To effectively manage its resources and minimize risk, the Company maintains the majority of its capital at the parent company level and funds activities in its operating subsidiaries through a cash call process.

The Company’s investment policy is to invest any excess cash in liquid short-term interest-bearing instruments callable at any time.

There have been no changes to the Company’s approach to capital management during the period ended January 31, 2026.

11. SEGMENT REPORTING

The Company has one reportable operating segment, UAV services in Canada. The Company’s assets are located in Canada.


GLOBAL UAV TECHNOLOGIES LTD.
Notes to the Condensed Consolidated Interim Financial Statements
For the Three Months Ended January 31, 2026 and 2025
(Unaudited - Expressed in Canadian Dollars)

12. SUBSEQUENT EVENTS

Subsequent to January 31, 2026, the Company:

  • Closed a non-brokered private placement financing (the “Offering”), consisting of the issuance of 5,238,095 units of the Company at a price of $0.042 per financing unit for aggregate gross proceeds of $220,000.

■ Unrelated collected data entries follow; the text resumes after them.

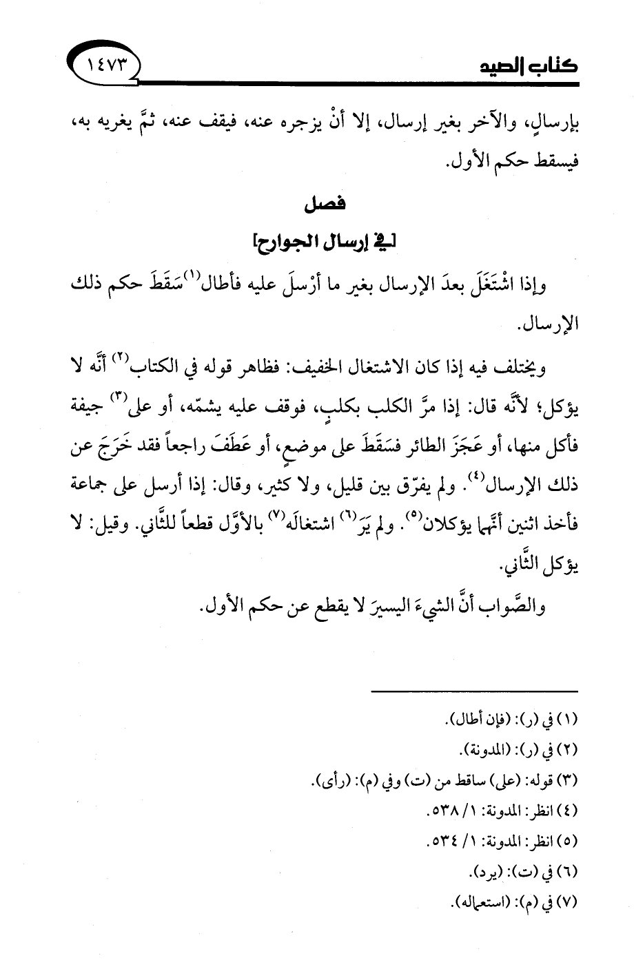 ويختلف فيه إذا كان الاشتغال الخفيف: فظاهر قوله في الكتاب (¬2) أنَّه لا يؤكل؛ لأنَّه قال: إذا مرَّ الكلب بكلبٍ، فوقف عليه يشمّه، أو على (¬3) جيفة فأكل منها، أو عَجَزَ الطائر فسَقَطَ على موضعٍ، أو عَطَفَ راجعًا فقد خَرَجَ عن ذلك الإرسال (¬4). ولم يفرّق بين قليل، ولا كثير، وقال: إذا أرسل على جماعة فأخذ اثنين أنَّهما يؤكلان (¬5). ولم يَرَ (¬6) اشتغالَه (¬7) بالأوَّل قطعًا للثَّاني. وقيل: لا يؤكل الثَّاني.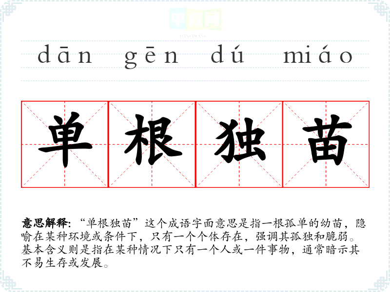 “单根独苗”这个成语字面意思是指一根孤单的幼苗,隐喻在某种环境或条件下,只有一个个体存在,强调其孤独和脆弱。基本含义则是指在某种情况下只有一个人或一件事物,通常暗示其不易生存或发展。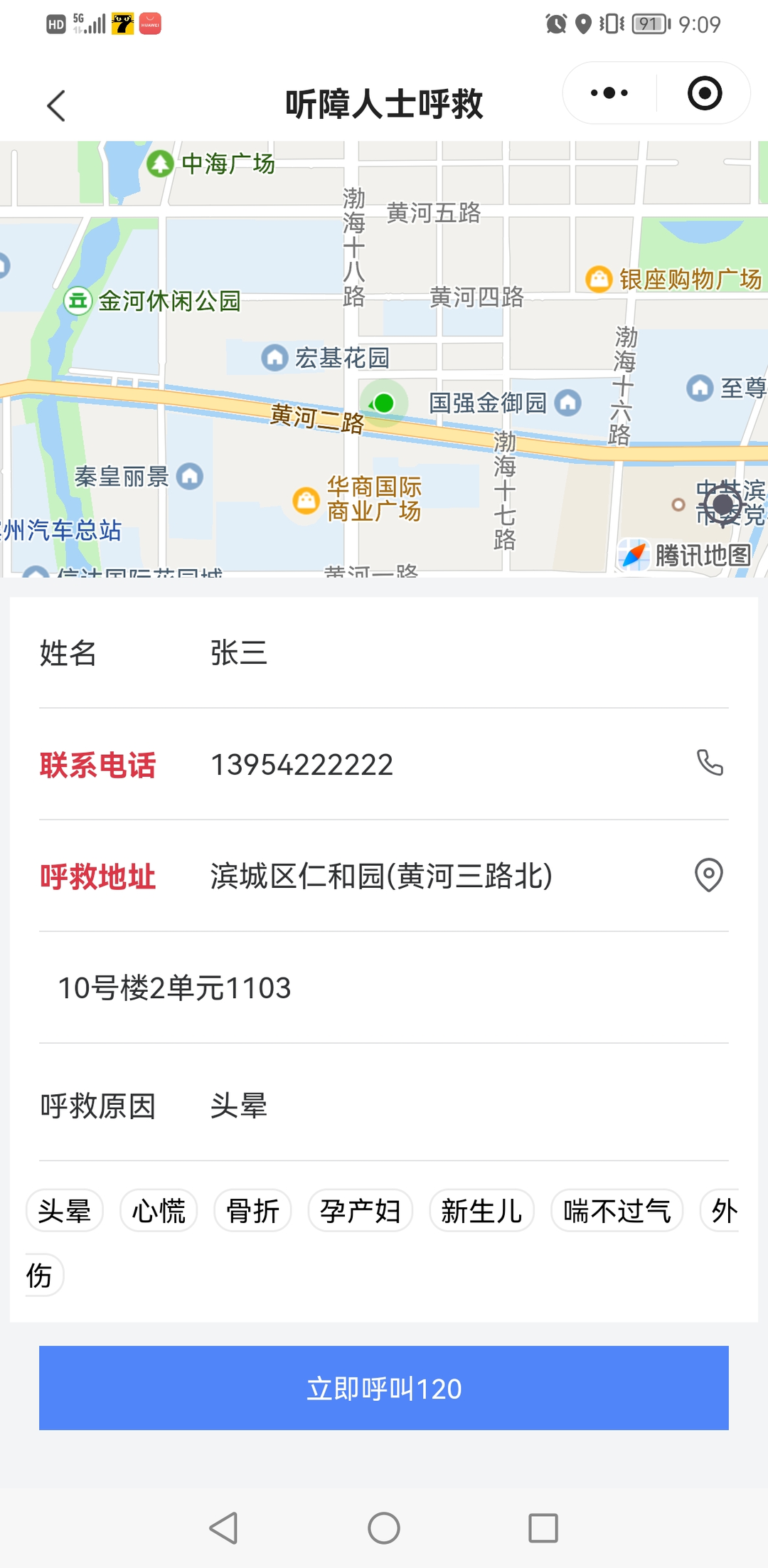 输入联系电话、呼救地址等信息,点击“立即呼叫120”。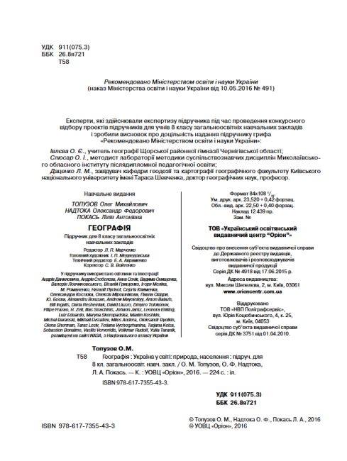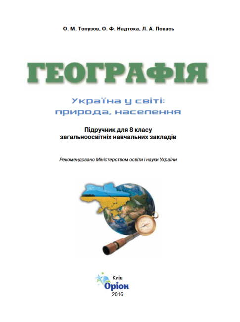 Підручник Географія 8 клас Нова програма Авт: Топузов О. Надтока О. Покась Л. Вид-во: Оріон 15829

The Company also settled outstanding indebtedness (the “Debt Settlement”) in an aggregate amount of $1,266,274 owing to certain creditors of the Company. The debt settlement is satisfied through the issuance of an aggregate of 30,149,383 units of the Company at a deemed price of $0.042 per debt settlement unit.

Each unit issued in the Offering and the Debt Settlement consists of one common share and one share purchase warrant, with each warrant entitling the holder thereof to acquire one additional share at an exercise price of $0.054 per warrant share for a period of two years from the date of closing.

  • Undertook a forward split of all of its issued and outstanding common shares, where all shareholders of record received 1.5 additional shares for each existing share held.

  • Granted an aggregate of 2,200,000 incentive stock options to officers and directors of the Company. The options are exercisable at $0.18 per share for a period of five years from the date of grant and vested on grant.